While Sweden’s death rate is still far ahead of those of its Nordic neighbours, it is now much closer to theirs than it was at the end of 2020. 

“The most striking difference between Sweden and the other Nordic countries is that only Sweden had large excess mortality in 2020 and the winter of 2020-21,” Aavitsland explained. “In 2022, the field levelled out as the other countries also had excess mortality when most of the population was infected by the omicron variant after all measures had been lifted.”

So why, if the Covid-19 death rates are still so different, are the excess mortality rates so similar?

This largely reflects the fact that many of those who died in Sweden in the first year of the pandemic were elderly people in care homes who would have died anyway by the end of 2022. 

About 90 percent of Covid-19 deaths were in people above 70, Aavitsland pointed out, adding that this is the same age group where you find around 80 percent of all deaths, regardless of cause, in a Scandinavian country.

“My interpretation is that in the first year of the pandemic, say March 2020 – February 2021, Sweden had several thousand excess deaths among the elderly, including nursing home residents,” he said. “Most of this was caused by Covid-19. In the other [Nordic] countries, more people like these survived, but they died in 2022. The other countries managed to delay some deaths, but now, three years after, we end up at around the same place.” 
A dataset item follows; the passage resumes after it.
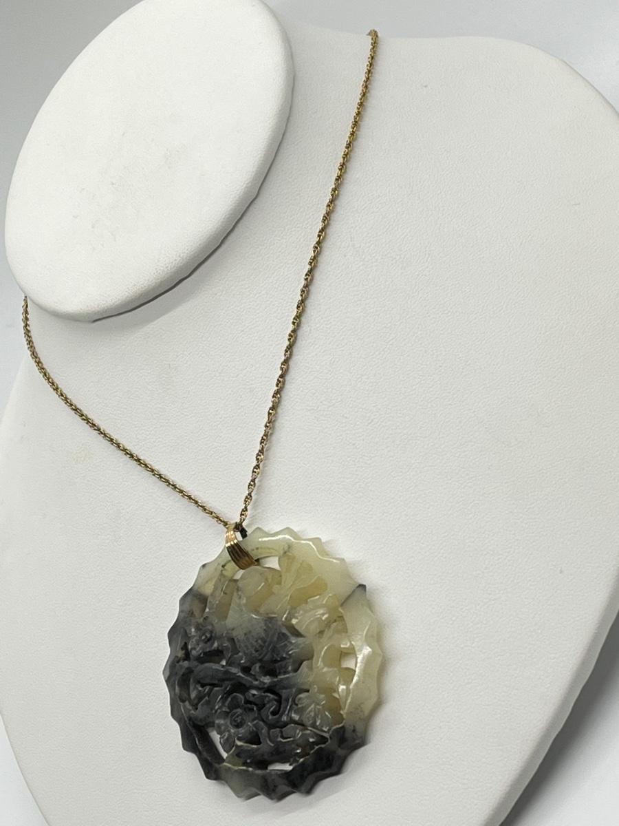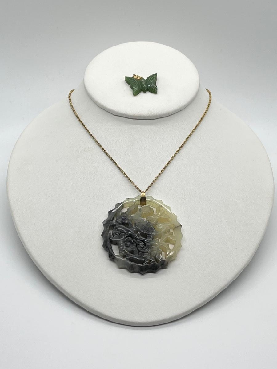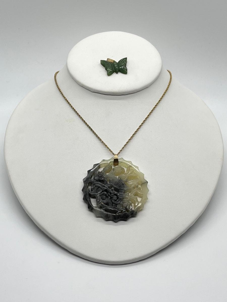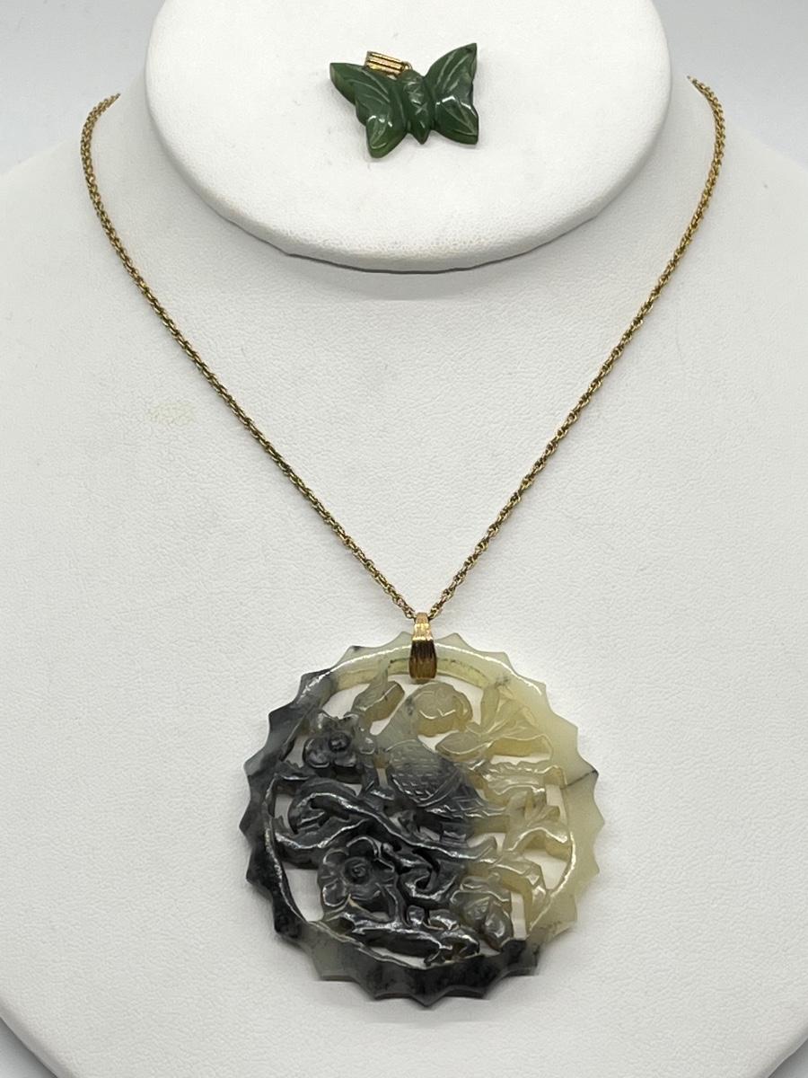 LOT 62: Goldfill Chain (24") with Two Jade Pendants

So does that mean Sweden’s state epidemiologist Anders Tegnell was right all along? 

It depends on how you view the shortened lives of the close to ten thousand elderly people who caught Covid-19 and died in Sweden in the first wave because Sweden did not follow the example of Denmark, Norway, and Finland and bring in a short three-week lockdown in March and April 2020. 

Tegnell himself probably said it best in the SvD interview. 

“You’ve got to remember that a lot of people died in the pandemic, which is of course terrible in many ways, not least for their many loved ones who were affected, so you need to be a bit humble when presented with these kinds of figures.”